Government statistics show that people were faulted for 5,208 wildfires in Southern California in 2008, the highest number since at least 2001. Between 2006 and 2008, Southern California was the only region of the country to see a significant jump in the number of wildfires blamed on people, an unsettling statistic given the damage that can follow.

There is no single cause for the increase, experts say, with issues ranging from better investigations and reporting to the warming effects of climate change. But most agree: In a densely populated, drought-stricken region where development pushes into areas known to burn, the result is predictable.

“As the drought continues in California, there are going to be more human-caused fires,” says Don Smurthwaite, a spokesman for the National Interagency Fire Center in Idaho.

“You can see the spread of development in virtually every area of the West,” he says. “More people is always going to equate to more fires.”

Southern California’s fire season was once thought to be limited to the fall, when Santa Ana winds roar through mountain passes into heavily populated coastal areas. But it’s now seen as a year-round danger, a conclusion witnessed in Santa Barbara last week. Warmer, drier weather in a region of more than 20 million people with a history of wildfires is proving a combustible mix, fire center figures suggest.

And some of those blazes are leading to the courtroom, where prosecutors are bringing charges from arson to negligence.

Gov.
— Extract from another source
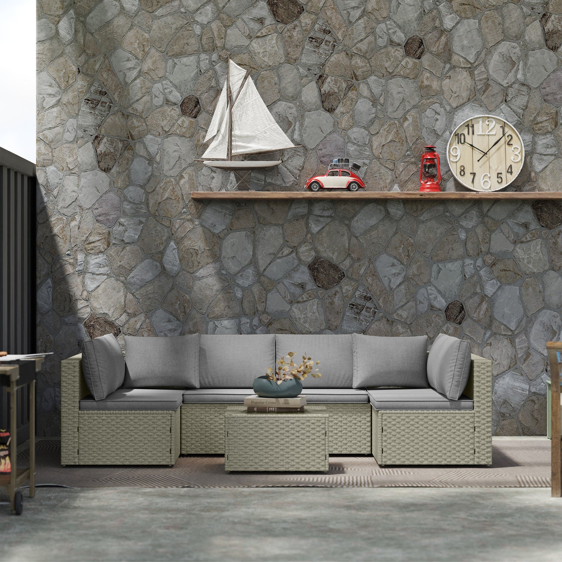 Outsunny Seven-Piece Modular Rattan Set - Light Brown

Arnold Schwarzenegger declared a statewide drought in June and in February declared a state of emergency because of three years of below-average rain and snowfall in California.

In Los Angeles, rainfall for the year that began July 1 is nearly 6 inches below average in a city that typically sees scant precipitation. In the state’s agricultural Central Valley, three years of drought have forced farmers to let thousands of acres of cropland turn to dust.
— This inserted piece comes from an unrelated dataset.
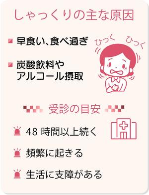 しゃっくりそのものは皆さん経験があると思います。急に体が跳ねて「ヒック」という音が出る、あれです。しゃっくりは横隔膜が刺激を受けて急に収縮することで起きる現象なのです。刺激となるものはいろいろありますが、横隔膜の近くから直接刺激を受...

Nationally, about 70,000 wildfires in 2008 were attributed to human causes ” a thoughtlessly flicked cigarette, a campfire left smoldering, a fallen power line. That’s about the same number as 2001, although the figures fluctuate from year to year. Since 2001, the peak was 80,220 wildfires caused by humans in 2006, according to fire center records.
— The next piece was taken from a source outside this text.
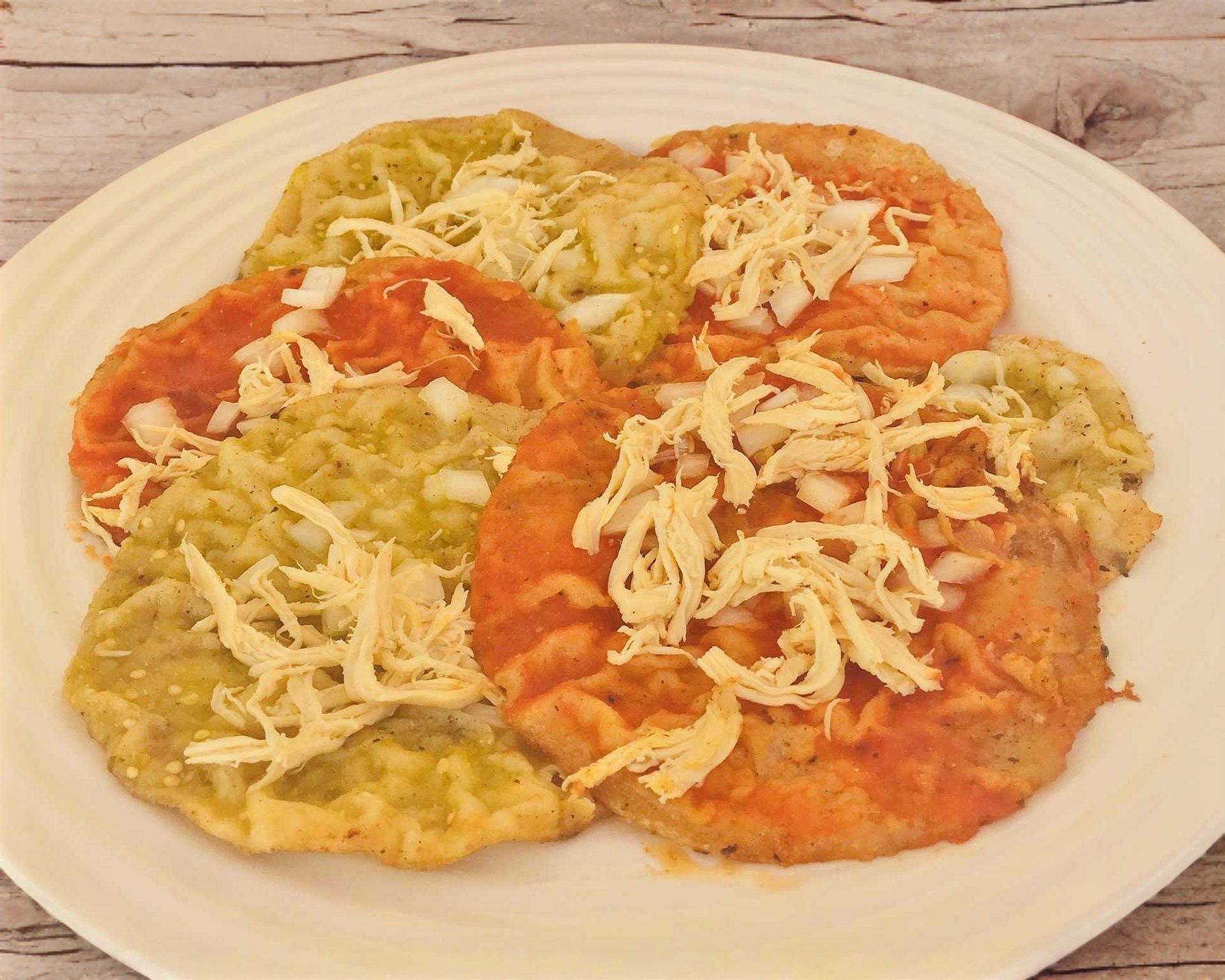 Bañadas en salsa verde o roja, decoradas con cebolla

In Southern California, the number of wildfires caused by people was about flat ” roughly 4,000 ” between 2001 and 2005. It dipped to 3,200 in 2006. Then, those figures increased sharply, to 5,140 in 2007 and 5,208 in 2008, according to the data.

The increase in Southern California stands out. In Alaska, for example, the number of wildfires blamed on people has been gradually slipping since 2004. Nationally, the number of wildfires attributed to human causes dropped in 2007 and 2008.

Lightning strikes account for just a fraction of all wildfires ” about 8,800 across the nation in 2008. In Southern California, the number of wildfires blamed on lightning dropped from 409 in 2006 to 291 in 2007 and 174 last year.

Firefighters this week were extinguishing the last of a now-smoldering wildfire in the Santa Barbara area, which at its peak forced thousands of people to flee their homes. It blackened about 13 square miles. Authorities are trying to identify the person using a power tool that they believe caused the blaze.

Given the large number of wildfires in the state, only a small number lead to criminal or civil cases. The U.S. Forest Service alone recorded nearly 400 arson wildfires since 2005, records show. Prosecutors have wide discretion, and recent wildfires in Southern California have produced a patchwork of results in the courtroom.

A pipe grinder who accidentally started a 240,000-acre wildfire in Santa Barbara County in 2007 that injured 40 people initially faced felony counts, but those charges were dismissed. He did not have to pay restitution to injured firefighters, pleaded no contest to a misdemeanor of negligently setting a fire and was fined $200.

Earlier this week, a man was sentenced to 16 years in prison after pleading no contest to arson for setting a series of fires in Los Angeles’ sprawling Griffith Park last year.

Ten people who built a campfire were not charged with igniting a wildfire last fall that burned more than 200 homes in Santa Barbara and neighboring Montecito because investigators could not prove who caused the wildfire.

They were charged with misdemeanor trespassing and unlawfully building a campfire. The wildfire seriously injured two people and destroyed rows of multimillion-dollar homes, including actor Christopher Lloyd’s $11 million home in Montecito.

“Two things are important for prosecutors to look at: one is the intent … but on the other hand, there is the harm,” says Riverside County Deputy District Attorney Michael Hestrin.

“It’s a judgment call,” he says. “No two cases are the same.”